■ **About this exercise**: Given the records below, the lines starting at the line with "특히, 국민 인식조사를" and ending at the line with "千葉県の根菜とイノシシのカネロニ仕立て 味噌風味の赤ワインソース" should be output exactly, both end lines kept and pictures left out.
'''
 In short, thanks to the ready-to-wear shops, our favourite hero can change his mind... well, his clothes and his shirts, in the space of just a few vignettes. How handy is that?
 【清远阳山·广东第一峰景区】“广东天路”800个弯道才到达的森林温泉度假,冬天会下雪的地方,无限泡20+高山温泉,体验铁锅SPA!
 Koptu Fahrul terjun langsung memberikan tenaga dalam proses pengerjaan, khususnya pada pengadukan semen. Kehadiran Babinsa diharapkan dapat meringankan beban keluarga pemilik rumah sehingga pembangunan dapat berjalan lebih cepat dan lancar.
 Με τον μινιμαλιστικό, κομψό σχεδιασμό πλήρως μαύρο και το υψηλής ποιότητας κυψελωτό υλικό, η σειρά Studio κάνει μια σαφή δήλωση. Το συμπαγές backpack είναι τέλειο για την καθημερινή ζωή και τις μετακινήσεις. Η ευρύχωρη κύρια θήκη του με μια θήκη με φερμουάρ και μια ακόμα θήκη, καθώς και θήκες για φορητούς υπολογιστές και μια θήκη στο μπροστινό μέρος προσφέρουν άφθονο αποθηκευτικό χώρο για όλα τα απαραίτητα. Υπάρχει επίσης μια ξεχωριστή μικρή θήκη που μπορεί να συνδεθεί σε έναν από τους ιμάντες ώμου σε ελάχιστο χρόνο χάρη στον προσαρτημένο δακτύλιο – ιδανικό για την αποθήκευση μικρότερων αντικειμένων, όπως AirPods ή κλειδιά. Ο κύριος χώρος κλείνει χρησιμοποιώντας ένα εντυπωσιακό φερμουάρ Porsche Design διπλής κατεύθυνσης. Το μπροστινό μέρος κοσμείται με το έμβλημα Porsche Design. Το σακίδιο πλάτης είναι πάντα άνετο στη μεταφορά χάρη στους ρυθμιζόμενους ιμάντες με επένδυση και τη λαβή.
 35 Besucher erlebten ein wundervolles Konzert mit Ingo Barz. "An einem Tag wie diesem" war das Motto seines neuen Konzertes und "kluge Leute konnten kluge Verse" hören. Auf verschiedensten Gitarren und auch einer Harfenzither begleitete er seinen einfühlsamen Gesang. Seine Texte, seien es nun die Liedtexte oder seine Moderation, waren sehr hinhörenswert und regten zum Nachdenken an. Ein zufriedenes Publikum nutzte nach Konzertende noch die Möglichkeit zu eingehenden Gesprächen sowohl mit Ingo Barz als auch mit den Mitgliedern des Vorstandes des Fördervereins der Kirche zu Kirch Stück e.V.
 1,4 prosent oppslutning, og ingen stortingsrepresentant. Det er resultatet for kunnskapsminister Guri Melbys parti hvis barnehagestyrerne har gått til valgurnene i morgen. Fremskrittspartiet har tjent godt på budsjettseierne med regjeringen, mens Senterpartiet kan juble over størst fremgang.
'''
'''
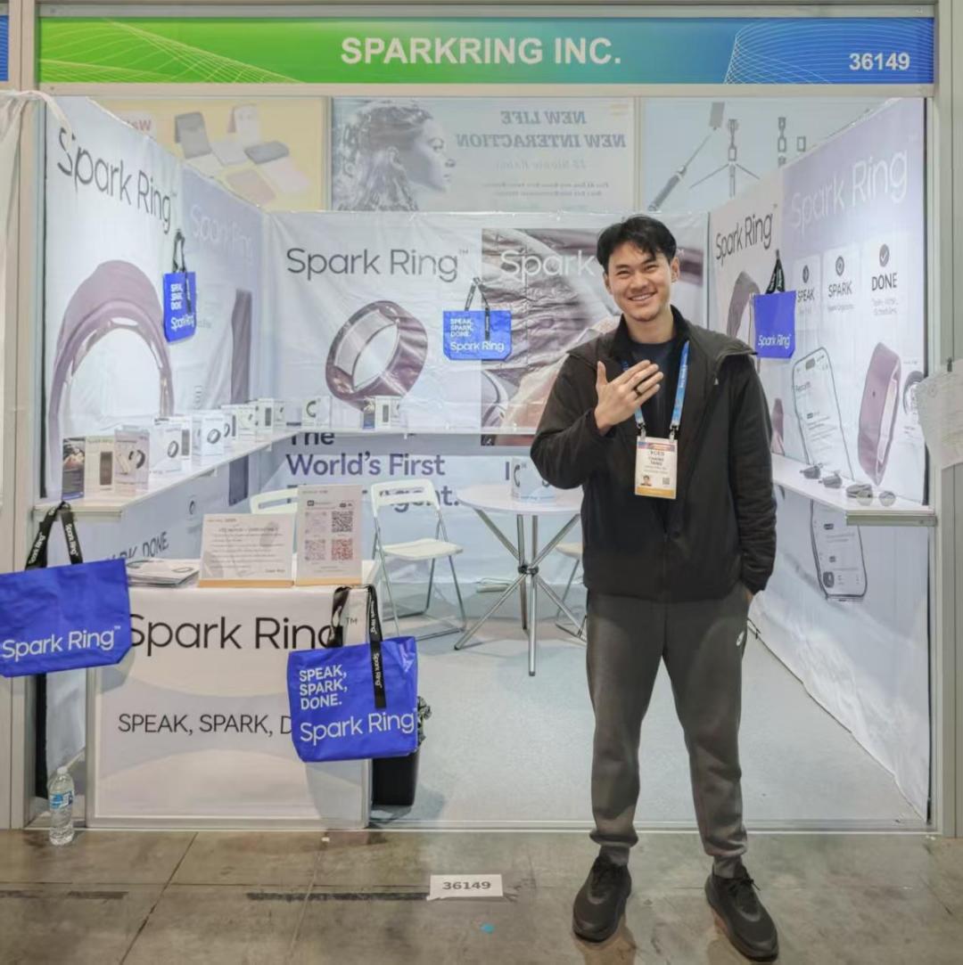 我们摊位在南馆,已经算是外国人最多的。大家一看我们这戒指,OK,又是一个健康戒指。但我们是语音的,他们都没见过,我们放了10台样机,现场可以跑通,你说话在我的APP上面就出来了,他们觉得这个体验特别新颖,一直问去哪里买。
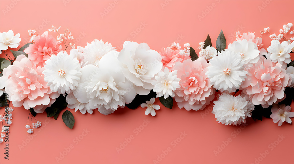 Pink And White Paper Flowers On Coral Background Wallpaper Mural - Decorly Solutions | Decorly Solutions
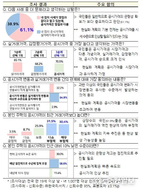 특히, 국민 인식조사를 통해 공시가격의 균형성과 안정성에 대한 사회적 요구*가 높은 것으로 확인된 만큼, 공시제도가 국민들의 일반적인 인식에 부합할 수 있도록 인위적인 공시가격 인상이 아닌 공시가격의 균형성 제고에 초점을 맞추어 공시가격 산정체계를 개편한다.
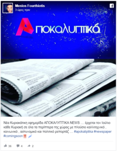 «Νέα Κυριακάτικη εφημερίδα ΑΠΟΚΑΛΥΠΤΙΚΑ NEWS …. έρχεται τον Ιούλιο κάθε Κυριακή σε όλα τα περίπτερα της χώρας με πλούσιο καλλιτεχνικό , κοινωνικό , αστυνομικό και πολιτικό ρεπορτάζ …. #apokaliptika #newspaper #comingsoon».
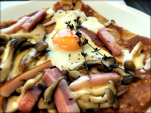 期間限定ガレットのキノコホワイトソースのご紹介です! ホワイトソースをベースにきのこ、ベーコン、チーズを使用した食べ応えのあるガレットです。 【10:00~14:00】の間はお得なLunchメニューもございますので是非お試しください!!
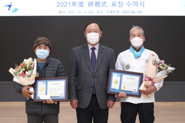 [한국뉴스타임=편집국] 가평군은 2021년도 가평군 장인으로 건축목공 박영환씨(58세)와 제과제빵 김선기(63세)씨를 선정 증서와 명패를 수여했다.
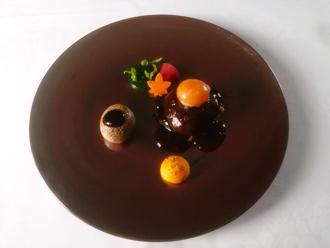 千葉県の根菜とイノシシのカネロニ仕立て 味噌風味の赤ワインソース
'''
■ **Written solution**:
 특히, 국민 인식조사를 통해 공시가격의 균형성과 안정성에 대한 사회적 요구*가 높은 것으로 확인된 만큼, 공시제도가 국민들의 일반적인 인식에 부합할 수 있도록 인위적인 공시가격 인상이 아닌 공시가격의 균형성 제고에 초점을 맞추어 공시가격 산정체계를 개편한다.
 «Νέα Κυριακάτικη εφημερίδα ΑΠΟΚΑΛΥΠΤΙΚΑ NEWS …. έρχεται τον Ιούλιο κάθε Κυριακή σε όλα τα περίπτερα της χώρας με πλούσιο καλλιτεχνικό , κοινωνικό , αστυνομικό και πολιτικό ρεπορτάζ …. #apokaliptika #newspaper #comingsoon».
 期間限定ガレットのキノコホワイトソースのご紹介です! ホワイトソースをベースにきのこ、ベーコン、チーズを使用した食べ応えのあるガレットです。 【10:00~14:00】の間はお得なLunchメニューもございますので是非お試しください!!
 [한국뉴스타임=편집국] 가평군은 2021년도 가평군 장인으로 건축목공 박영환씨(58세)와 제과제빵 김선기(63세)씨를 선정 증서와 명패를 수여했다.
 千葉県の根菜とイノシシのカネロニ仕立て 味噌風味の赤ワインソース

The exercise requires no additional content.